YOUR GOAL: Emit the data below verbatim, stripping out any pictures.

Stored records
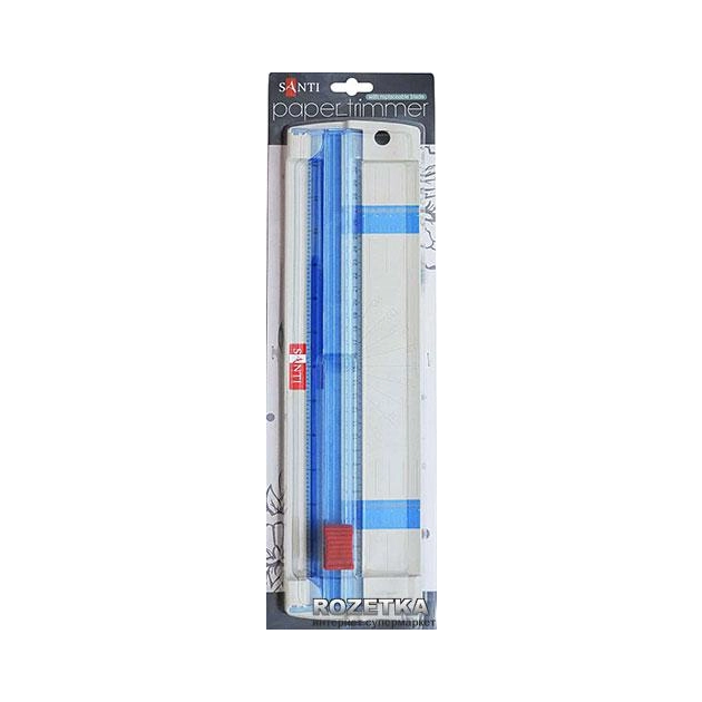 Резак с роликовым ножом установлен на прозрачной подъемной линейке с разметкой. На платформе размещена полоска самовосстанавливающегося коврика, имеется разметка для точного расположения бумаги и фиксатор.
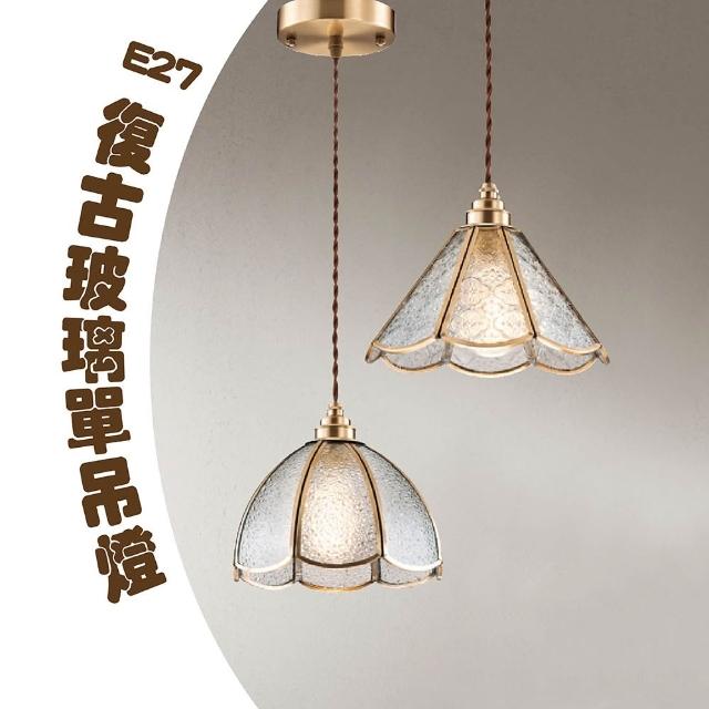 123燈飾|復古玻璃單吊燈|E27|附燈泡|咖啡廳吊燈|銅製品|海棠花玻璃|48-4553、4554
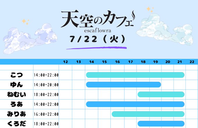 ⛅️天空のカフェエスカフローラ 名古屋大須のコンカフェ@escaflowra·⛅️(火)のお給仕表⛅️ 本日14時オープンです❣️ こつ 14:00~22:00 @co_escaflowra ゆん 14:00~20:00 @yun_escaflowra ねむい 18:00~22:00 @nemu_escaflowra ろあ 14:00~22:00 @roa_escaflowra みりあ 16:00~22:00 @miri_escaflowra くろだ 18:00~22:00 @krd_escaflowraさらに表示241,059
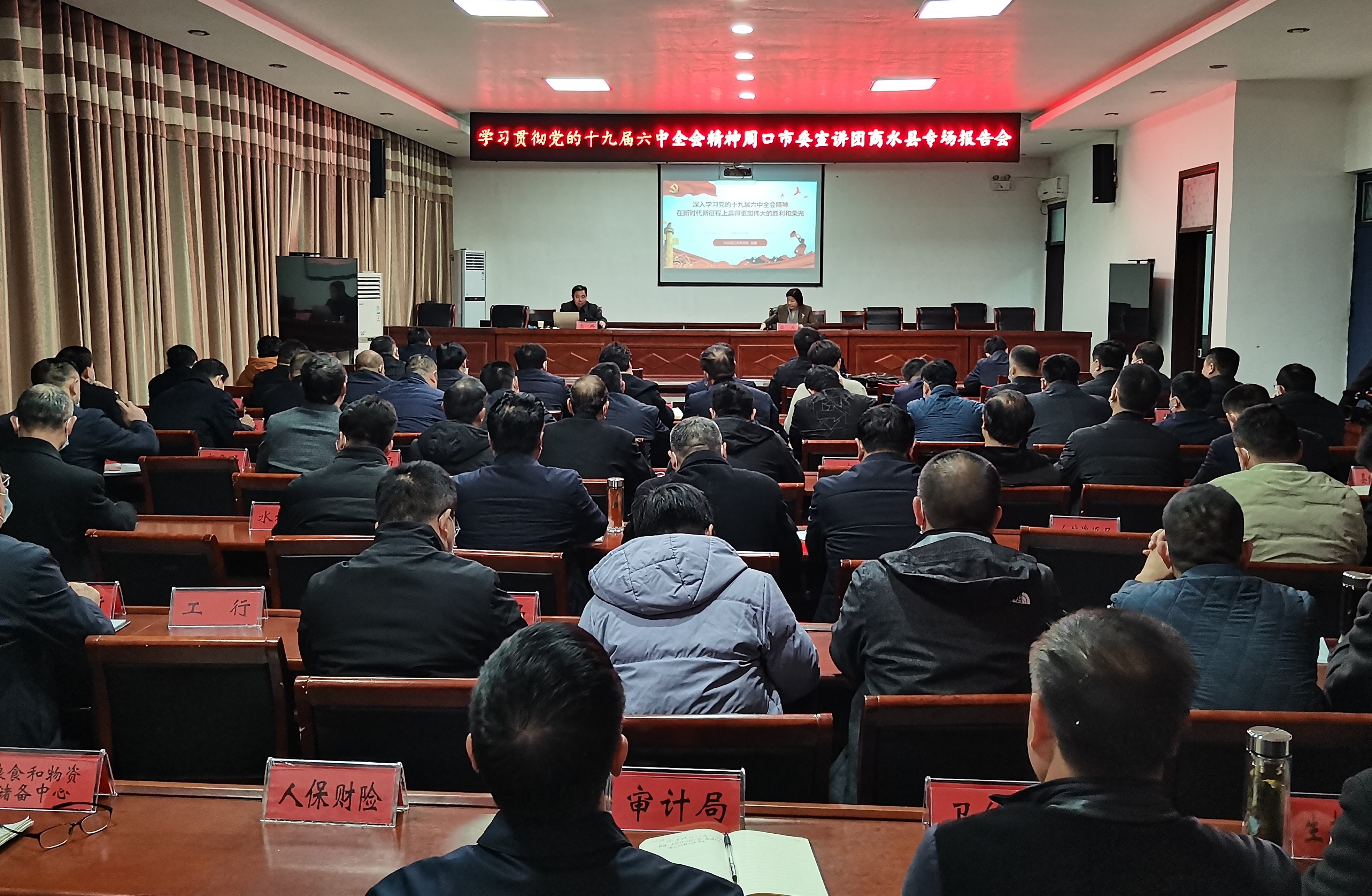 百年奮斗創(chuàng)輝煌,風(fēng)華正茂書(shū)華章。12月15日,學(xué)習(xí)貫徹黨的十九屆六中全會(huì)精神周口市委宣講團(tuán)商水縣專場(chǎng)報(bào)告會(huì)舉行,市委宣講團(tuán)成員高鵬作專題宣講報(bào)告,縣領(lǐng)導(dǎo)、鄉(xiāng)鎮(zhèn)辦事處和縣直單位主要負(fù)責(zé)人現(xiàn)場(chǎng)聆聽(tīng)。
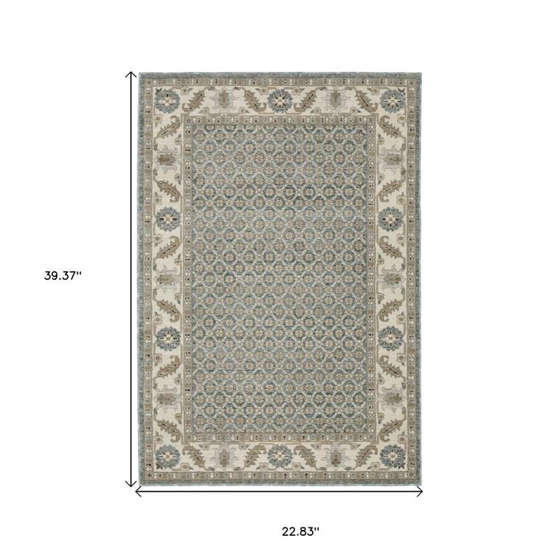 This 2-foot x 3-foot blue oriental power loom area rug, is a great way to add warmth to a room. This rectangle shaped rug features a oriental design in blue to give it visual interest. A classic shape marries with good looking design for your space ideal for spaces with kids and pets, this rug is stain resistant to help repel stains and spilled liquids. Place this area rug against a hardwood or tile floor and it will enliven your living space with style and sophistication. 22.83-inch H x 39.37-inch W x 0.55-inch D
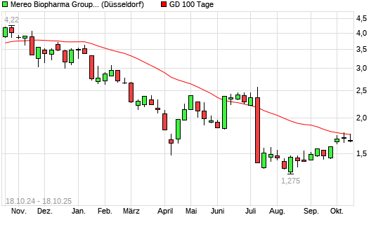 Mit dem Rücksetzer auf 1,66 EUR hat die Mereo Biopharma-Aktie am 17.10.2025 die 100-Tage-Linie nach unten gekreuzt.
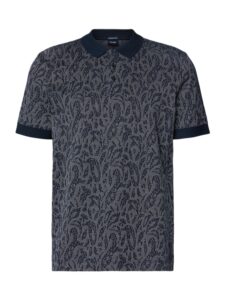 Vācu modes zīmola Joop! tumši zils vīriešu džemperis ar grafisku stilizēta logo dizaina adījuma rakstu. Izgatavots no 100% augstākās kvalitātes kokvilnas. Papildināts ar smalki rievotu apdari un zīmola logotipa plāksnīti apakšmalā.
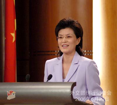 2006年6月20日下午,外交部發(fā)言人姜瑜主持例行記者會。
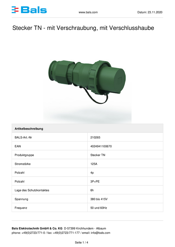 Złacze męskie CEE Bals Elektrotechnik 210265 125.0 A 400 V
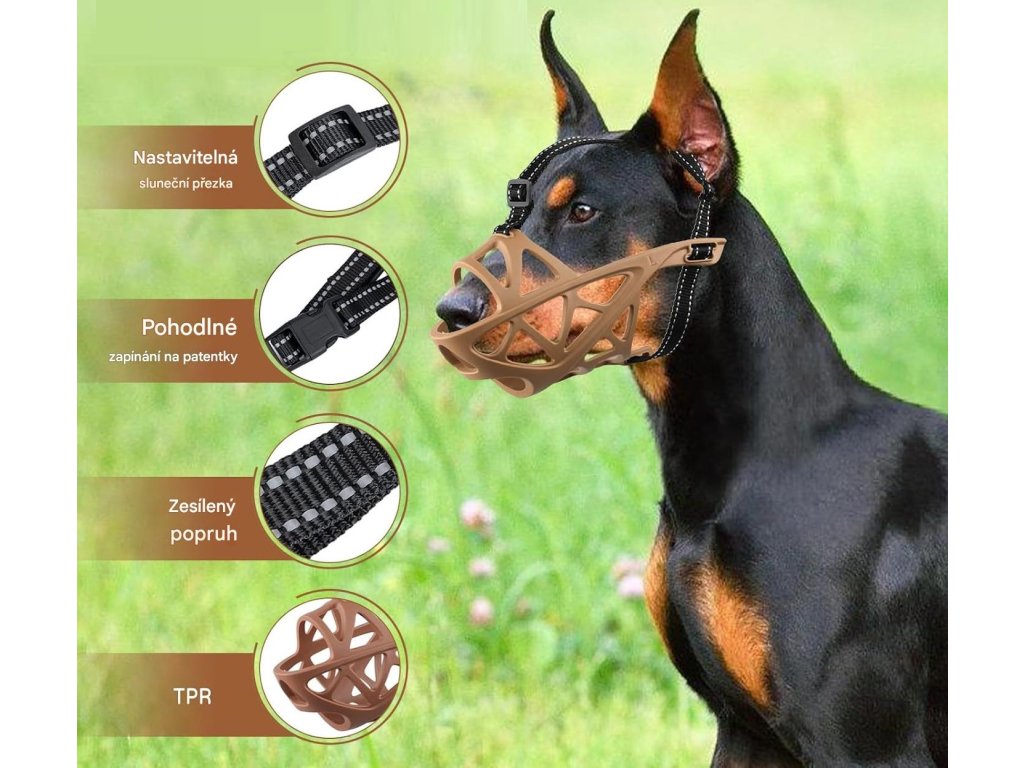 Prodyšný design umožňuje normálně dýchat a jíst a současně chrání majitele před agresivním chováním.

RESPONSE BELOW:
 Резак с роликовым ножом установлен на прозрачной подъемной линейке с разметкой. На платформе размещена полоска самовосстанавливающегося коврика, имеется разметка для точного расположения бумаги и фиксатор.
 123燈飾|復古玻璃單吊燈|E27|附燈泡|咖啡廳吊燈|銅製品|海棠花玻璃|48-4553、4554
 ⛅️天空のカフェエスカフローラ 名古屋大須のコンカフェ@escaflowra·⛅️(火)のお給仕表⛅️ 本日14時オープンです❣️ こつ 14:00~22:00 @co_escaflowra ゆん 14:00~20:00 @yun_escaflowra ねむい 18:00~22:00 @nemu_escaflowra ろあ 14:00~22:00 @roa_escaflowra みりあ 16:00~22:00 @miri_escaflowra くろだ 18:00~22:00 @krd_escaflowraさらに表示241,059
 百年奮斗創(chuàng)輝煌,風(fēng)華正茂書(shū)華章。12月15日,學(xué)習(xí)貫徹黨的十九屆六中全會(huì)精神周口市委宣講團(tuán)商水縣專場(chǎng)報(bào)告會(huì)舉行,市委宣講團(tuán)成員高鵬作專題宣講報(bào)告,縣領(lǐng)導(dǎo)、鄉(xiāng)鎮(zhèn)辦事處和縣直單位主要負(fù)責(zé)人現(xiàn)場(chǎng)聆聽(tīng)。
 This 2-foot x 3-foot blue oriental power loom area rug, is a great way to add warmth to a room. This rectangle shaped rug features a oriental design in blue to give it visual interest. A classic shape marries with good looking design for your space ideal for spaces with kids and pets, this rug is stain resistant to help repel stains and spilled liquids. Place this area rug against a hardwood or tile floor and it will enliven your living space with style and sophistication. 22.83-inch H x 39.37-inch W x 0.55-inch D
 Mit dem Rücksetzer auf 1,66 EUR hat die Mereo Biopharma-Aktie am 17.10.2025 die 100-Tage-Linie nach unten gekreuzt.
 Vācu modes zīmola Joop! tumši zils vīriešu džemperis ar grafisku stilizēta logo dizaina adījuma rakstu. Izgatavots no 100% augstākās kvalitātes kokvilnas. Papildināts ar smalki rievotu apdari un zīmola logotipa plāksnīti apakšmalā.
 2006年6月20日下午,外交部發(fā)言人姜瑜主持例行記者會。
 Złacze męskie CEE Bals Elektrotechnik 210265 125.0 A 400 V
 Prodyšný design umožňuje normálně dýchat a jíst a současně chrání majitele před agresivním chováním.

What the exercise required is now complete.